The ocean was calm, as it almost always was these past few years, forming a perfect and abrupt line on the horizon between the blue of the sea and the white of the cloudy sky. Hence Garth was caught all the more off guard when the boat suddenly lurched, throwing him against the guardrail. Despite his earlier musings, he was not, in fact, particularly keen on being thrown overboard, and so, despite being mildly winded, managed to cling on for dear life to avoid being flipped over the top of the rail.

He was about to push himself back onto the deck and spend a few moments dramatically hyperventilating over his near-death experience when he noticed the water below the boat was considerably darker than it should have been. Confused, he raised his gaze. Farther out towards the horizon, the water remained the same navy blue it should have been, but it grew significantly darker halfway towards the ship. He looked around to see if the phenomenon was the same in all directions, and noticed that the line of darker water was in fact advancing in front of the ship.
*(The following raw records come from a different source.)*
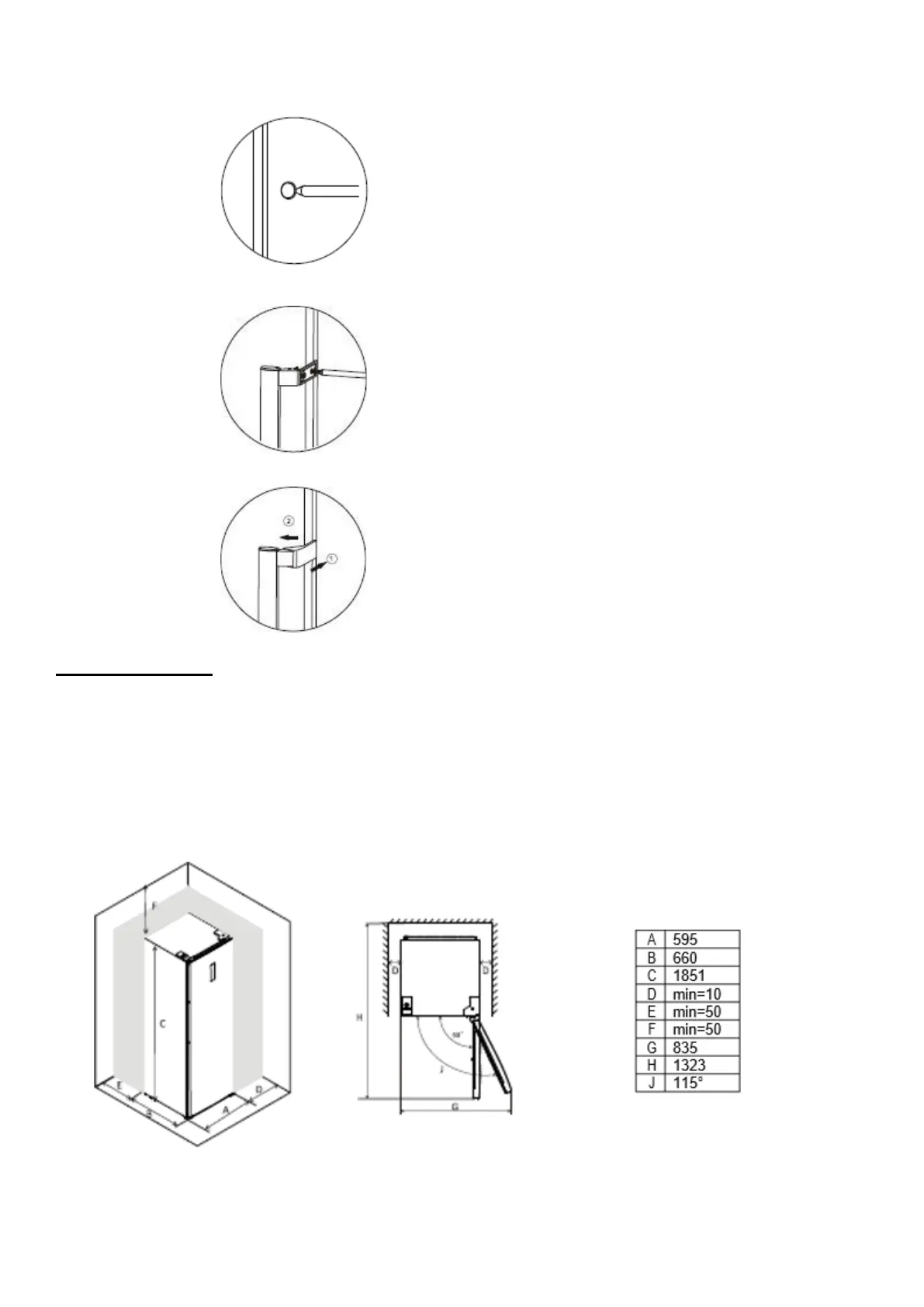 • Allow a safety distance to the right (D), to the left (D), to the rear (E) and above (F) the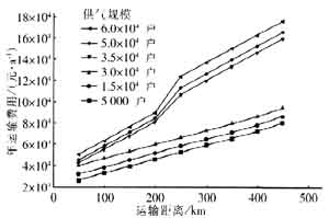 ?、谀赀\輸費用隨運輸距離線性變化,當(dāng)供氣規(guī)模在3×1O4戶以下時,斜率較小;當(dāng)供氣規(guī)模在3.5×104戶以上時,斜率較大,且在200 km和250km之間有一轉(zhuǎn)折。斜率差異主要是因為目前LNG汽車槽車型號少(國內(nèi)常用的LNG槽車容積主要為30 m3、40m3和45 m3),3×104戶以下供氣規(guī)模的氣化站每天所需的用氣量,單輛槽車每天運輸一次即能滿足。供氣規(guī)模超過3×104戶后,單輛槽車每天運輸2次或2輛槽車每天各運輸一次才能滿足氣化站每天所需的用氣量。出現(xiàn)轉(zhuǎn)折主要是因為建模過程中考慮到運輸安全性,規(guī)定槽車的行駛速度為70 km/h且單輛槽車每天在路上行駛的時間不超過13 h,因此當(dāng)運輸距離超過200km后,氣化站每天所需的用氣量由原先的單輛槽車每天運輸2次來滿足變?yōu)?輛槽車每天各運一次來滿足,從而年運輸費用中的槽車年折舊費用、保險費用等增加。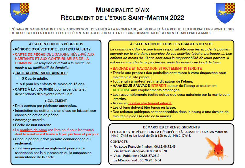 Vous êtes résidents et/ou contribuables aixois et souhaitez pêcher à l’étang de Saint-Martin (sur la route de Montasserre), pensez à venir récupérer une carte de pêche à la mairie. Vous trouverez ci-dessous tous les renseignements utiles (règlement, tarif, contact…) .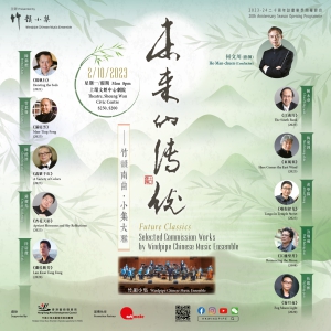 「未來的傳統——竹韻南曲.小集大雅」為竹韻小集二十周年誌慶樂季開幕節目,精選十首委約香港作曲家創作、具有本土特色之中樂室內樂作品,展示樂團繼承和開拓「香港中樂文化」的成果,其中八首作品是首次在香港現場演奏。節目更設有「演後藝人談」,邀請相關作品之作曲家現身說法,分享創作理念。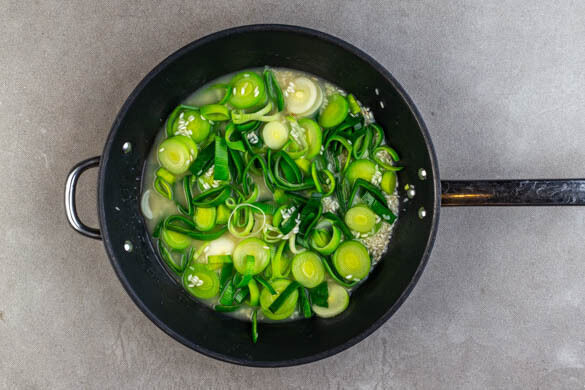 Das Brühgewürz in 1,5L heißem Wasser auflösen. Den Lauch und den Reis in einer großen Pfanne mit 2EL Olivenöl bei starker Hitze 1–2Min. anbraten, dabei regelmäßig umrühren.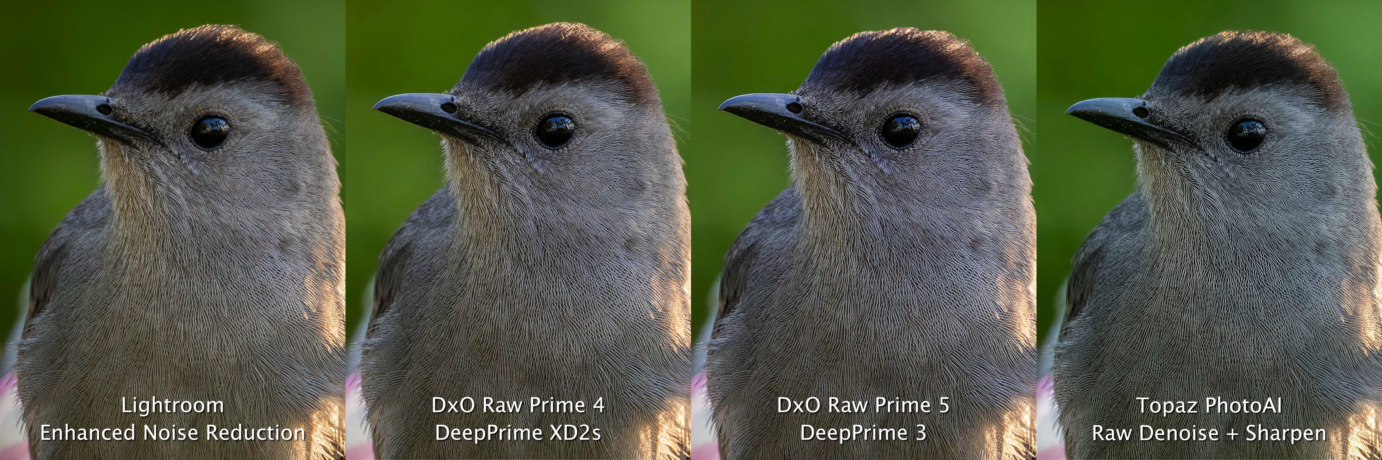 Here is the same Catbird image I used in my first article comparing the various methods of raw optimization, processed in PureRAW 4 and 5.

Garth was still struggling to comprehend what he was seeing when the shadow fell away significantly on either side, and the ship found itself in a much thinner sliver of dark water protruding from the main bulk that had pushed on ahead. Garth ran towards the bow in an attempt to get a better view of both of the sliver’s edges, fighting to stay on his feet against the constant rocking of the ship. Immediately upon leaning over the railing, he noticed that the sliver was swaying side to side, its edges occasionally almost touching the ship. Looking farther outward, he could also see what appeared to be similar slivers. As he watched, each of these slivers slowly began to curve and twist, until the ship found itself once again in blue water. Garth instinctively leaned farther over the railing in an attempt to keep the slivers in sight, and had little time to react as the one they had previously been sailing along swung back in an arc towards the ship, its momentum steady and relentless. The lurch as the shadow passed beneath the ship threw the precariously balanced Garth straight over the railing.
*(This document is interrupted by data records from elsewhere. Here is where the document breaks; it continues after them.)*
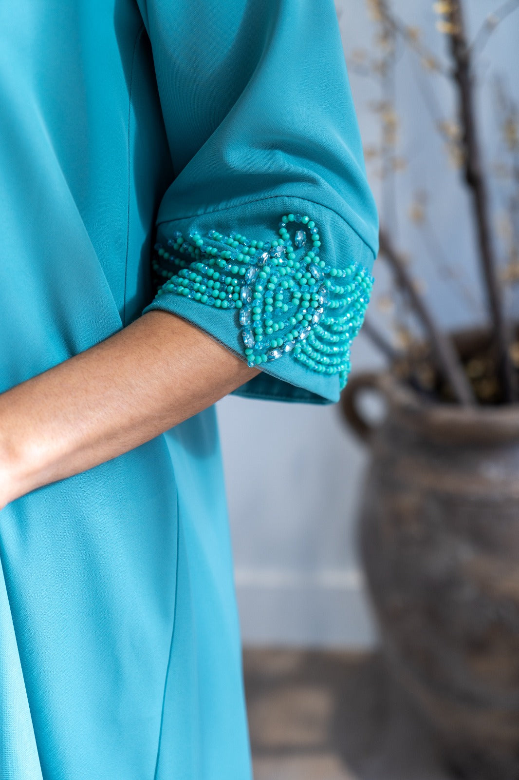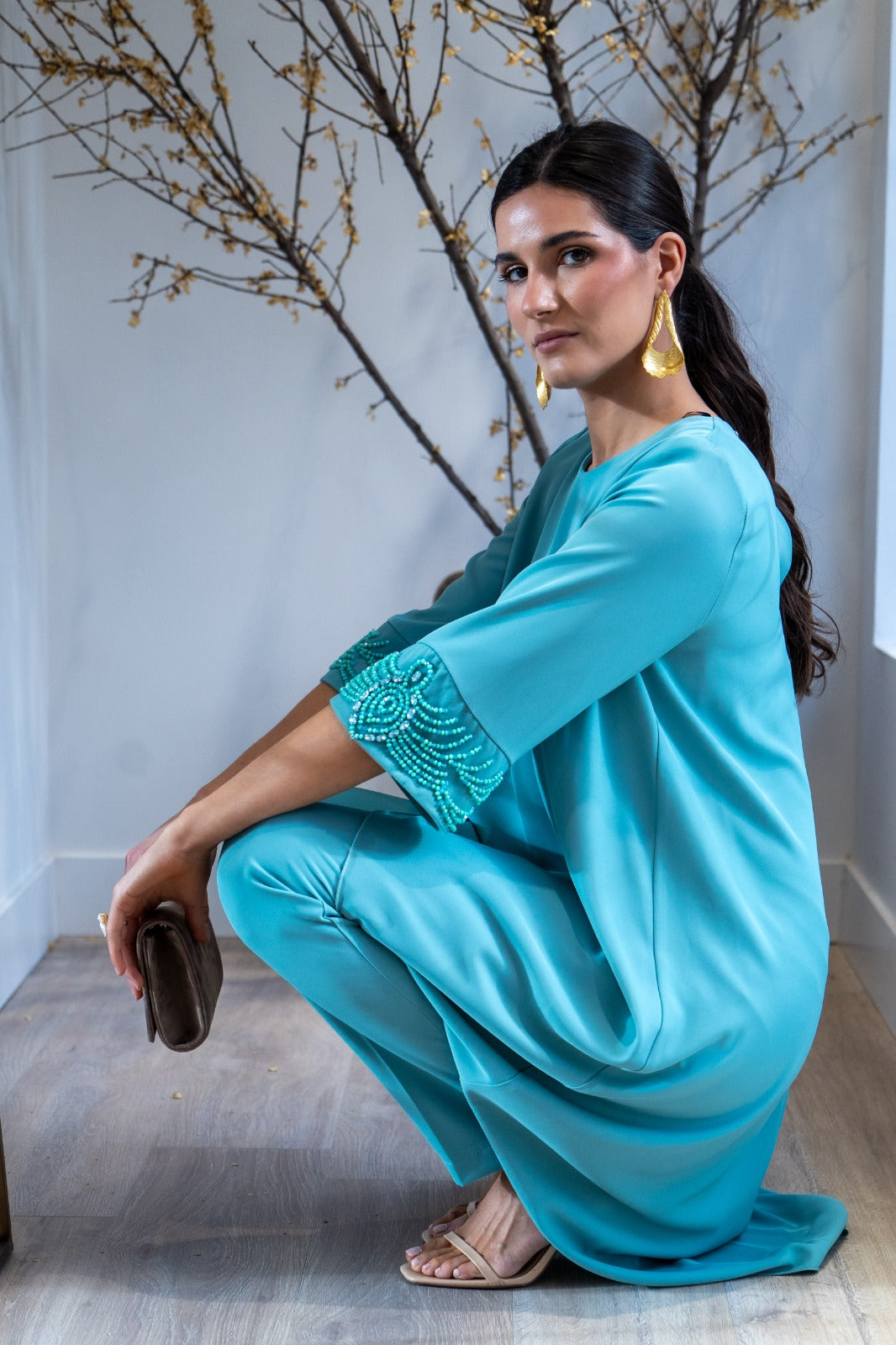 Conjunto compuesto por casaca asimétrica, escote redondo, manga francesa con detalle pedrería en el puño y pantalón con cintura, estrecho de abajo. En color azul.
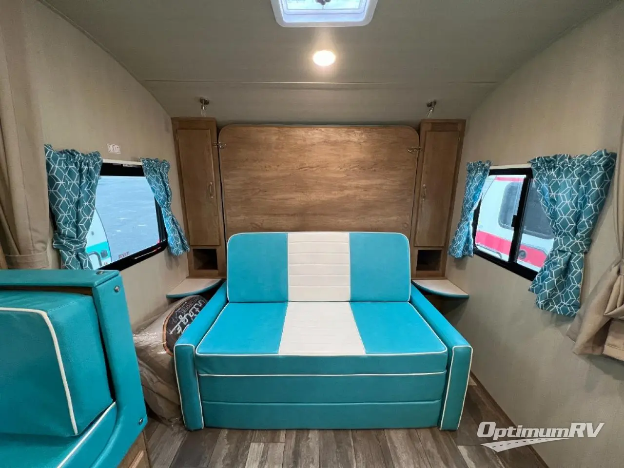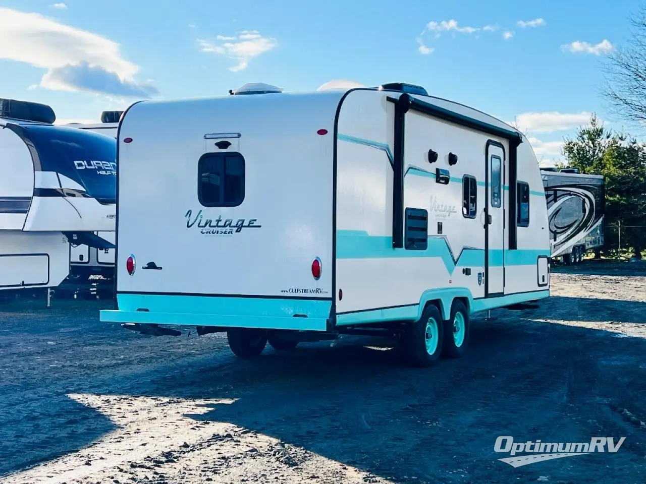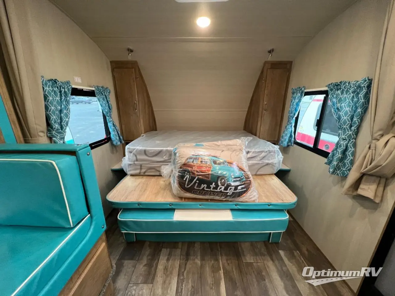 With any Vintage Cruiser by Gulf Stream you will be taken back to the fun of the 50's with vintage exterior graphics and classic interiors. Each model is constructed with a six-sided welded aluminum frame, vacuum bonded sidewalls with Azdel, and a vintage painted bumper you are sure to love. You may like to choose the optional "Woody" Package that includes an Oyster painted A-frame, Hickory Saddle floor vinyl, Southern Pine Sidewalls, and more rustic cabin features. The Vintage Cruiser travel trailers include high-performance vinyl flooring, LED interior ceiling lights, a seamless tub/shower surround, and vintage flat cabinet doors to name a few comforts you'll find throughout. These models are also prewired for roof A/C and come with a standard 20,000 BTU furnace or a 16,000 BTU furnace, depending on the model you choose. Nostalgia is waiting for you with a Vintage Cruiser!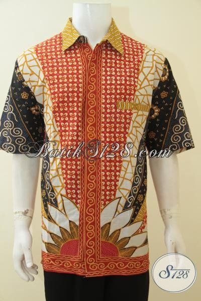 Hem Batik Halus Produk Solo, Pakaian Batik Kwalitas Premium Size Jumbo, Baju Batik Kerja Dan Pesta Proses Kombinasi Tulis Model Lengan Pendek [LD4075BT-XXXL]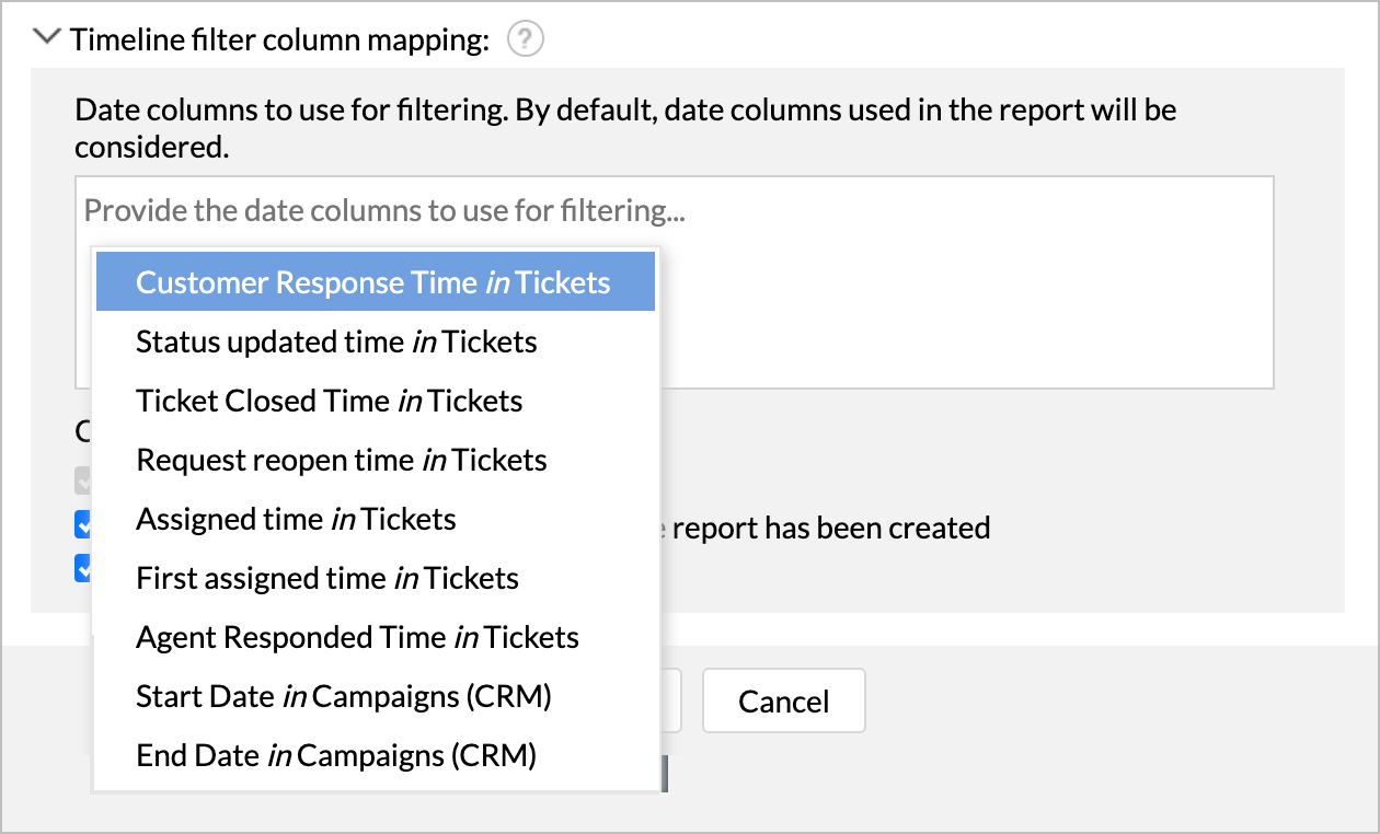 - On date columns in the table on which the report has been created.

His body moved with little conscious input from his brain, hooking his right arm around a lower rung of the railing as it rushed towards him, providing a perfect point of rotation for the momentum of his fall to swing him around until his waist slammed into the edge of the deck, the abrupt stop yanking his shoulder half out of its socket. Garth struggled anxiously to maintain his grip as the continued rocking of the ship kept slamming the deck into his kidney again and again, all the while screaming and shouting a long string of the worst expletives that came to mind. Eventually, the rocking abated, and he was able to use his good arm to pull himself high enough to swing up his legs and throw himself back up over the railing with a kick.

Upon hitting the deck with another sickening thump, he promptly rolled over and vomited up the entire contents of his stomach, and perhaps a little more. Once it seemed the coast was clear and nothing more was due to come up, he slowly dragged himself back towards the railing, half-delirious from pain and with sweat pouring down his face. Pressing his face against the cool metal of the railing, he was unable to suppress a sigh of pleasure. Though his vision was hazy and obscured by dancing black spots, he could see that, clear to the horizon, all was blue — and then he fainted.